In Advent we celebrate the coming of the light. We hold our candles and watch as together they push back the darkness. But there was a time when there was no darkness–only glorious light.
Eve walked in that light.
Eve lived in the golden dawn of an infant world. She and Adam lived in a world with no sin, sickness, or sorrow. God walked with them in the garden. Everything she needed was provided for her; every day was a new journey of wonder and discovery.
There was no fear.
There was no shame.
And then she threw it all away.
“Now the serpent was more crafty than any of the wild animals the Lord God had made. He said to the woman, “Did God really say, ‘You must not eat from any tree in the garden’?” (Genesis 3:1).
It was an innocent sounding question with venom lurking beneath the surface, if only she had seen it. What kind of God would put his people in a garden filled with fruit and refuse to allow them to eat any of it? What else was there for them to eat? It would have been the act of a cruel sadist, not a loving and good Creator.

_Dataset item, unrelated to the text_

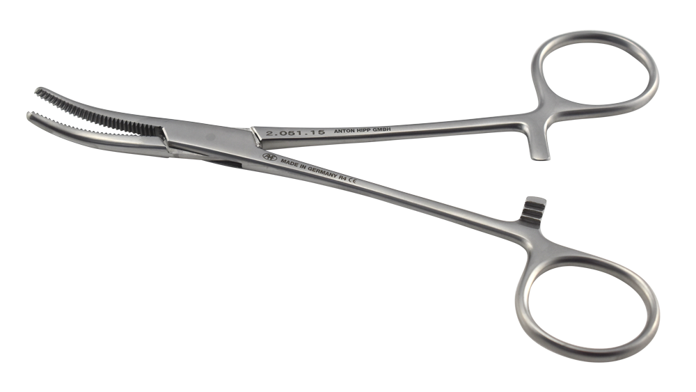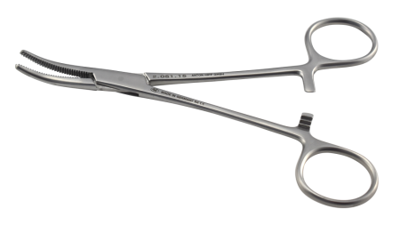 A scissor style haemostatic forcep with large serrated teeth and ratchet clamp.

But Eve didn’t recognize it. Nor did she perceive the poison in the serpent’s next words: “You will not certainly die,” the serpent said to the woman. 5 “For God knows that when you eat from it your eyes will be opened, and you will be like God, knowing good and evil.” (Genesis 3:4). The serpent lied. It’s what Satan, the father of lies, does best. More than that, the serpent implied God was not good. “God’s hiding something from you. He’s keeping secrets. He doesn’t want you to know.” They knew God and all that was good. Why did they want to know evil?
Eve looked at the fruit. She took it, ate it, and gave some to her husband who was with her. He ate the fruit. Sin entered the world.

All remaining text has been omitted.